Your task
Write out the stretch of lines below that begins at the line with "직원 채용 공고.hwp" and ends at the line with "功能说明:该程序是一个基于易", including both, exactly as given and nothing more.

Supplied data
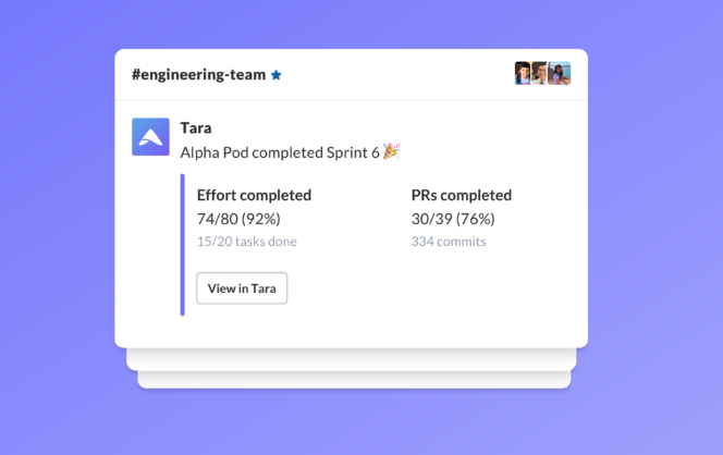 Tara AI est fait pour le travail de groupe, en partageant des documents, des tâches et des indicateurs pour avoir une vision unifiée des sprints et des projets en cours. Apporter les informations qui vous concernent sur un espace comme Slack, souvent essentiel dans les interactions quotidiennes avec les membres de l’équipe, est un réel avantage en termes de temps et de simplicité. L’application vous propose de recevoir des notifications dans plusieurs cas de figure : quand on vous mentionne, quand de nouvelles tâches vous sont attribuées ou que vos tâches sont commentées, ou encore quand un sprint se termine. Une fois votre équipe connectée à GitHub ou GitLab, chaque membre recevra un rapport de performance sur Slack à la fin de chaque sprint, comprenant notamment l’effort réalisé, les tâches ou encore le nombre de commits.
...
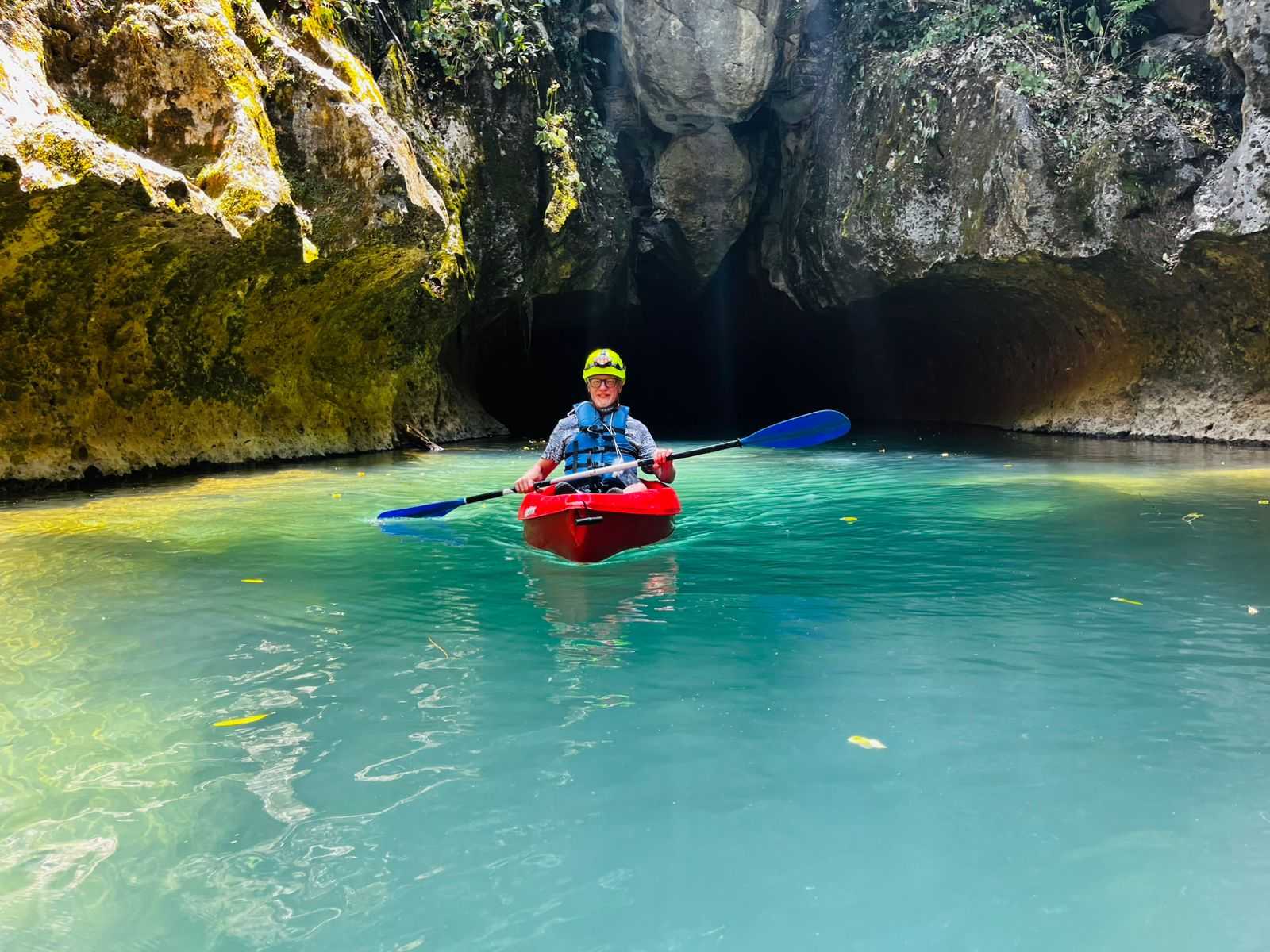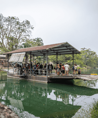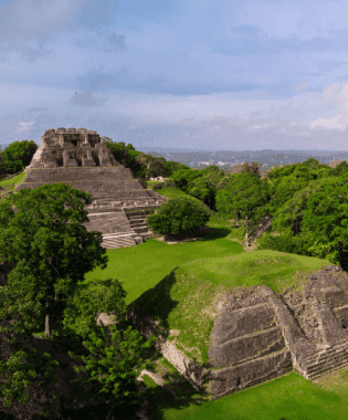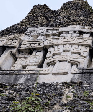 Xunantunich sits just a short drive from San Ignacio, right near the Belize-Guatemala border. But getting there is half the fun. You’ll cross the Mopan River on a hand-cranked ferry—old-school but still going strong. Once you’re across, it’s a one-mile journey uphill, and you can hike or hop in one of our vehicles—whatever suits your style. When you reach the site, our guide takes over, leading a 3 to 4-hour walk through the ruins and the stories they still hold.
==
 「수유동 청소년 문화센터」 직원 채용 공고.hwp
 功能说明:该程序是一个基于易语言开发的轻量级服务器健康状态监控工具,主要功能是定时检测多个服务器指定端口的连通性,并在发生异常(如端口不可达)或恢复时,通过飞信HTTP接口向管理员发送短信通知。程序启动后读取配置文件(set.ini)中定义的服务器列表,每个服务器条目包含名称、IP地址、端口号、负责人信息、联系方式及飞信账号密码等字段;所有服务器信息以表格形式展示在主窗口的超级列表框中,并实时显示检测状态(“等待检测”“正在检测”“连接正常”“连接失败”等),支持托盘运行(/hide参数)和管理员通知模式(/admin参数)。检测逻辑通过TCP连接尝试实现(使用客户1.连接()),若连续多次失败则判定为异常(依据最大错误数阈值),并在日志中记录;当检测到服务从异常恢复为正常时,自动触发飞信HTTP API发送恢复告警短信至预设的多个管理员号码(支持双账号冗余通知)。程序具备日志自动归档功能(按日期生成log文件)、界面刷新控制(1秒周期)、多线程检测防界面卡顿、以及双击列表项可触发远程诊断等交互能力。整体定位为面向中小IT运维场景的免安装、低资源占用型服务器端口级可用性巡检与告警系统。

Your response
 「수유동 청소년 문화센터」 직원 채용 공고.hwp
 功能说明:该程序是一个基于易语言开发的轻量级服务器健康状态监控工具,主要功能是定时检测多个服务器指定端口的连通性,并在发生异常(如端口不可达)或恢复时,通过飞信HTTP接口向管理员发送短信通知。程序启动后读取配置文件(set.ini)中定义的服务器列表,每个服务器条目包含名称、IP地址、端口号、负责人信息、联系方式及飞信账号密码等字段;所有服务器信息以表格形式展示在主窗口的超级列表框中,并实时显示检测状态(“等待检测”“正在检测”“连接正常”“连接失败”等),支持托盘运行(/hide参数)和管理员通知模式(/admin参数)。检测逻辑通过TCP连接尝试实现(使用客户1.连接()),若连续多次失败则判定为异常(依据最大错误数阈值),并在日志中记录;当检测到服务从异常恢复为正常时,自动触发飞信HTTP API发送恢复告警短信至预设的多个管理员号码(支持双账号冗余通知)。程序具备日志自动归档功能(按日期生成log文件)、界面刷新控制(1秒周期)、多线程检测防界面卡顿、以及双击列表项可触发远程诊断等交互能力。整体定位为面向中小IT运维场景的免安装、低资源占用型服务器端口级可用性巡检与告警系统。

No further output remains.